The 5 reasons why we chose open source for our Billing API
Raffi Sarkissian
Posted on September 5, 2022
When we started Lago, we knew billing was still an unsolved problem, but we never considered launching another traditional billing SaaS.
We had experienced the pain of billing so deeply and for so long (our team built a billing system from scratch for a fintech unicorn) that we thought a traditional approach would lead to traditional results.
We want to make pricing and billing more programmable, open, and fair for all software companies.
1. Open architecture
Traditional billing or payment SaaS have become the source of financial truth for companies. However, it’s unclear how they interconnect with other internal business tools, and sometimes they don’t, by design: for instance, Stripe Billing can only be used with Stripe Payments.
Billing is at the heart of every B2B company’s survival but as there are myriad internal tool stacks (including accounting, payments, CRM, CPQ), the setup needs to be different for each company. Therefore, we decided to open-source our code and make the interconnections as easy as possible.
2. Developers first
None of the tools were made for engineers, so billing is still an engineering nightmare. It’s the most high-value, underrated and unsystematized business process we’ve seen.
It’s hard to know exactly why, but we believe the root cause is that existing billing solutions have catered to Finance people first. Just as payment solutions did before Stripe Payments came in with its API. Billing should address the needs of the Finance teams (obviously), but the implementation and maintenance of the system will always depend on engineers.

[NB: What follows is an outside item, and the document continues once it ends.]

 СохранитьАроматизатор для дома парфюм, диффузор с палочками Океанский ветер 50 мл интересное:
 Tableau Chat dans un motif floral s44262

Therefore, we chose to go open-source, provide full transparency and be as close as possible to developers: they can submit issues on Lago's GitHub repo, talk to us on Slack, give us feedback on what we’ve built and comment on our product roadmap.
3. Fair pricing
We’re infuriated by the ‘rent seeker approach’ chosen by existing billing solutions. When you’re a billing middleman, a 1% fee on your customers’ hard-earned revenue doesn’t sound right.

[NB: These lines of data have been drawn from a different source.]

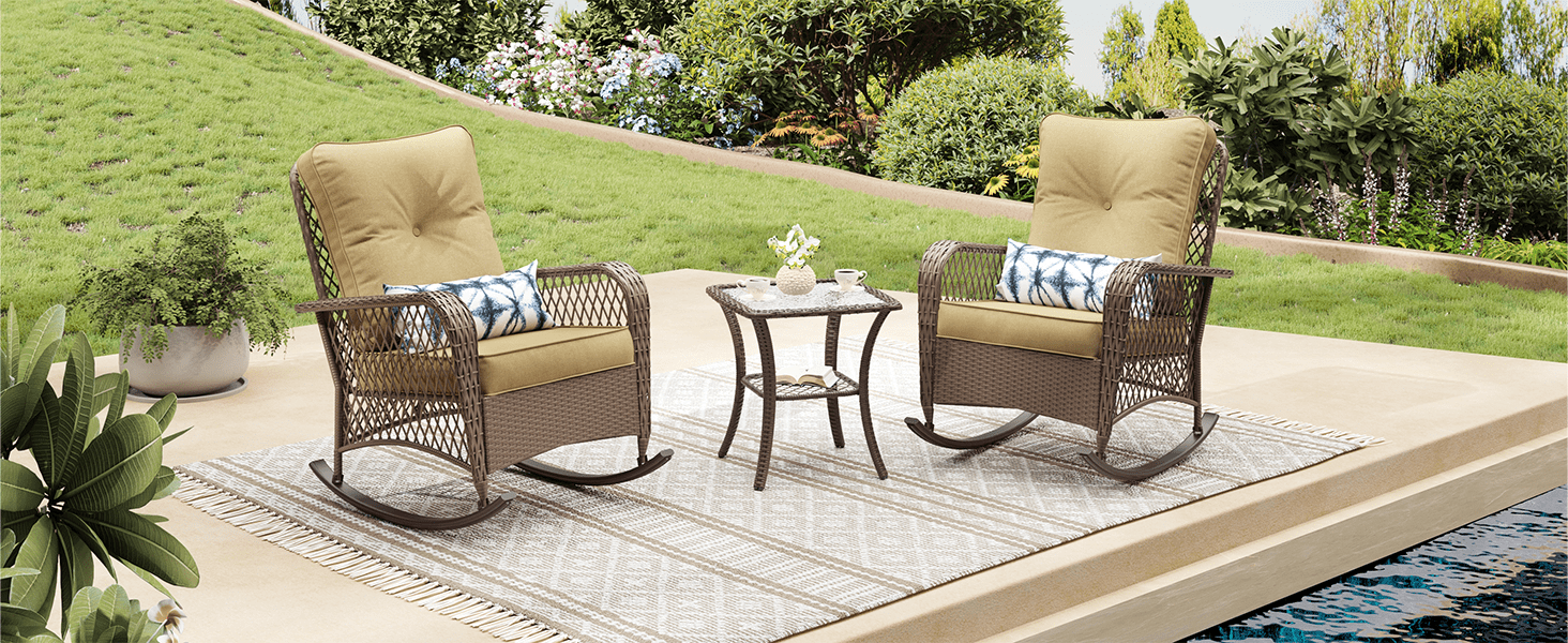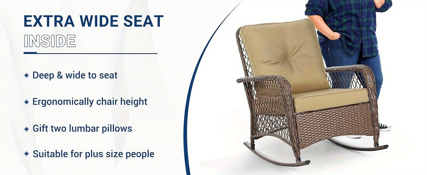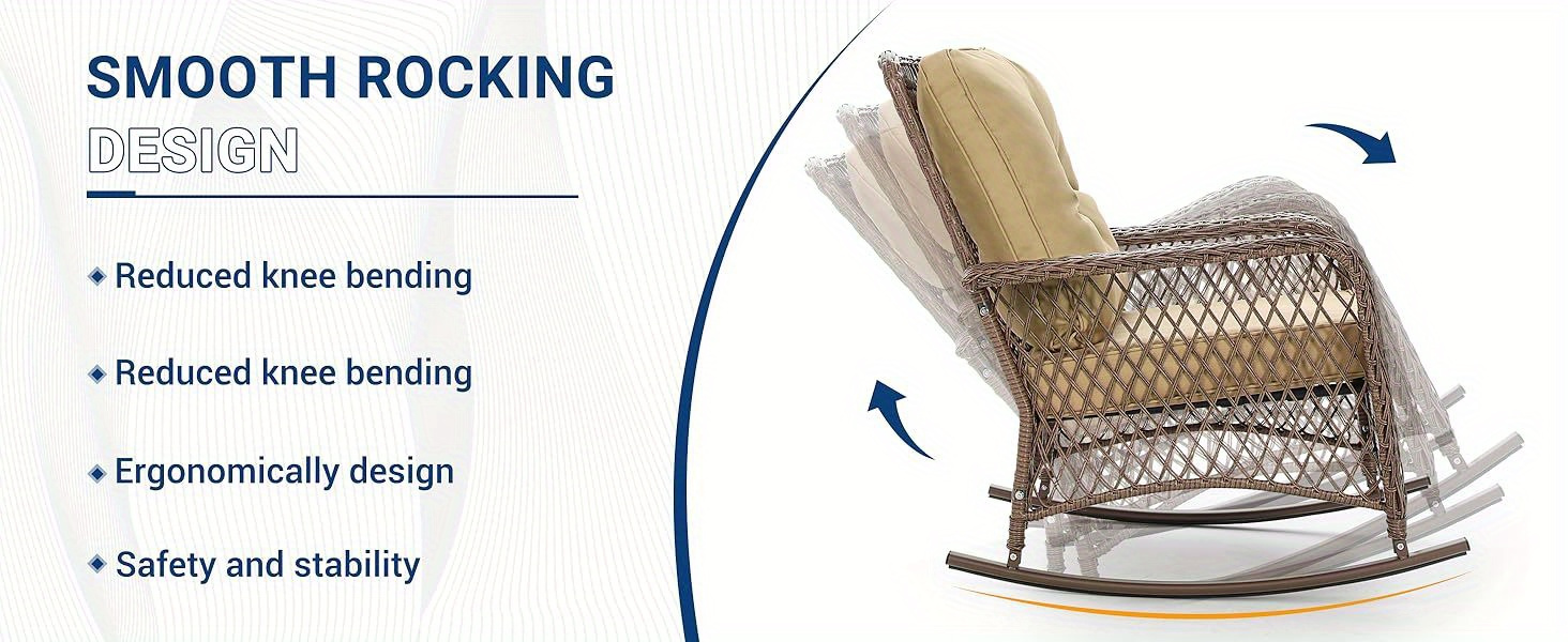 3pcs Patio Set Rocking, Rattan Outdoor Rocking Patio Bistro Set With 2 Rockers And 1 Side Table With 4'Thick Cushions For Backyard, Porch, Balcony, Poolside, And 1piece Of Chair Can Choose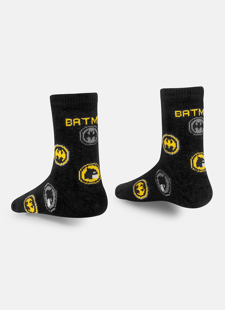 A meia soquete com desenho do Batman Possui cano de altura média. Produzida com algodão macio em sua maior parte em poliamida. Indicação de uso: Ideal para ser usada com tênis e sapatos. Lavagem a mão Não alvejar Instruções de Conservação: Não secar em tambor Não passar Não limpar a seco (MAIS INFORMAÇÕES, VIDE NA ETIQUETA) Instruções de Garantia: Deverá ser encaminhado dentro na embalagem original ACOMPANHADO DE NOTA FISCAL E com todos os itens constante na solicitação da compra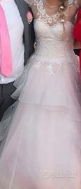 Vendo vestito da sposa collezione Nicole , colore rosa chiaro. Taglia 46 comprensivo di corpetto tasparente con pizzo , velo e sottogonna.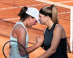 In May, Świątek entered the Italian Open as the defending champion. In the second round, she doubled-bageled Anastasia Pavlyuchenkova before defeating Lesia Tsurenko and Donna Vekić in the following rounds. In the quarterfinals, she faced Elena Rybakina and was forced to retire in the third set after sustaining a right thigh injury.[20] At the French Open, Świątek reached her fourth major final without dropping a set. She won her third French Open and fourth major title overall, defeating Karolína Muchová in three sets in the final.[21][22] She also became the first woman to defend the title since Justine Henin in 2007.[23]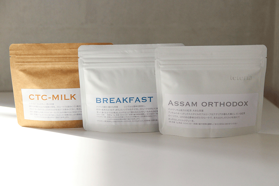 当店で展開するのは、アッサム オーソドックス、ブレックファースト、CTCミルクの3種類です。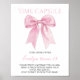 Create a cherished keepsake with our Pink Bow Coquette Birthday Time Capsule Sign! Designed with soft pastel hues, an elegant pink bow, and delicate ribbon detail, this sign embodies the timeless charm of the coquette aesthetic. Invite guests to leave heartfelt notes, wishes, and memories for the guest of honor to open in the future. Perfect for a stylish and sentimental birthday celebration, this sign adds a touch of elegance while making memories last a lifetime!

That’s one of the reasons why we chose to build our home-made billing solution at our previous company, but it wasn’t perfect either: a lot of resources were pulled out of our core product to be allocated to this project.
Lago is open-source, forever free. We’ll also offer a cloud version for teams that don’t want to deal with the infrastructure themselves, which will allow us to monetize our solution and keep working towards a more programmable, open, and fair billing system for all software companies.
4. Composability
Each company’s pricing is different. The time of a one-size-fits-all subscription model is over and much ink has already been spilled by VCs on ‘usage-based pricing’. It’s a big shift but we’re convinced 80% of companies will switch to hybrid pricing: a mix of subscription and consumption-based model, with a million nuances in between.

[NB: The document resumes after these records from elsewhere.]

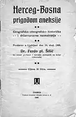 The term Herzeg-Bosnia (Croatian: Herceg-Bosna) appeared in the late 19th century and was used as a synonym for Bosnia and Herzegovina without political connotations. It was often found in folk poems as a more poetic name for Bosnia and Herzegovina. One of the earliest mentions of the term was by Croatian writer Ivan Zovko in his 1899 book Croatianhood in the Tradition and Customs of Herzeg-Bosnia. Croatian historian Ferdo Šišić used the term in his 1908 book Herzeg-Bosnia on the Occasion of Annexation. In the first half of the 20th century the name Herzeg-Bosnia was used by historians such as Hamdija Kreševljaković and Dominik Mandić and Croatian politicians Vladko Maček and Mladen Lorković. Its usage decreased in the second half of the 20th century until 1991 and the proclamation of the Croatian Community of Herzeg-Bosnia.[3] Since the 1990s, it has been used as a name for a Croat territorial unit in Bosnia and Herzegovina.[4]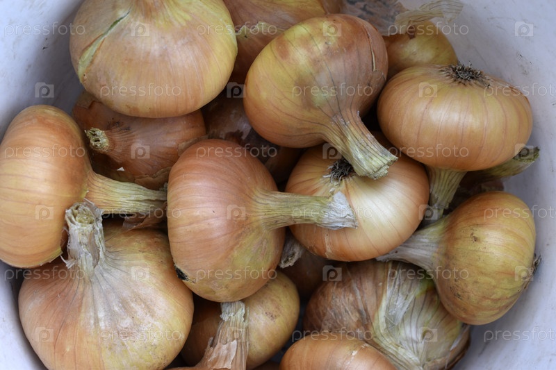 Осенью большие луковицы в белом ведре. Красивые и крупные луковицы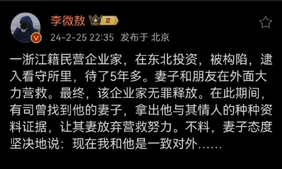 这样的事,在现实中并不少见,企业家动辄被抓的案例网上一搜一大把。这种现象,尤其是在那些经济相对落后的地区频频发生,譬如李微敖说的下面的这种。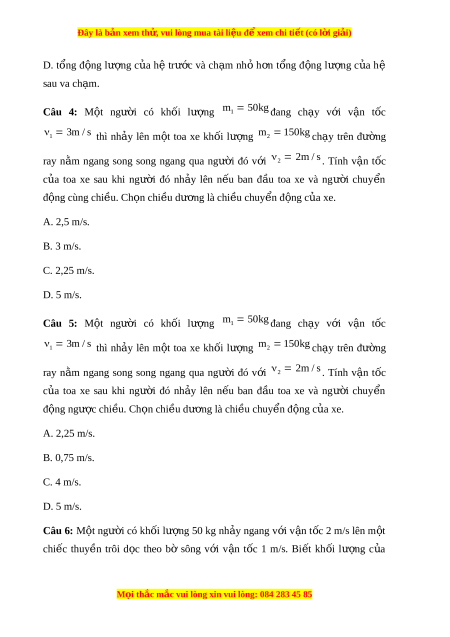 Đây là bản xem th , vu ử i lòng mua tài li u ệ đ xe ể m chi ti t (c ế ó l i ờ gi i ả ) D. t ng ổ đ ng ộ lư ng ợ c a ủ hệ trư c ớ và ch m ạ nh ỏ h n ơ t ng ổ đ ng ộ lư ng ợ c a ủ hệ sau va ch m ạ . Câu 4: M t ộ ngư i ờ có kh i ố lư ng ợ m 50kg 1 đang ch y ạ v i ớ v n ậ t c ố 3m / s m 150kg 1 thì nh y ả lên m t ộ toa xe kh i ố lư ng ợ 2 ch y ạ trên đư ng ờ ray n m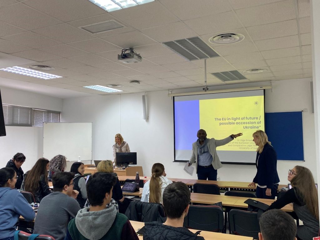 La ponencia de la Dra. Olga Śniadach, cuyo título fue “The EU in light of future/possible accession of Ukraine”, abarcó, a modo introductorio, cuáles son los elementos que definen a la Unión Europea, como organización internacional política de derecho de integración y gobernanza común para, posteriormente, centrarse en el procedimiento de adhesión a la Unión Europea, concretamente, en el caso de Ucrania.

A closed-source SaaS can’t embrace this diversity and, through Lago, we want to help build as many pricing models as possible.
Any company should be able to customize and deploy a billing system similar to that of Snowflake, Algolia, or Segment, 100x faster. And early-stage companies should be able to do so without hiring an army of engineers.
5. Participative approach
The most complicated part of billing is the long list of edge cases (we covered this topic in our previous article).
These are too small to be prioritized in any closed-source SaaS product roadmap, but they keep coming back on Stack Overflow, Hacker News, Reddit, and all the places where builders seek advice.
Beyond our product, we’re also aiming at creating this hub for shared knowledge, so that no more engineers have to struggle with billing edge cases.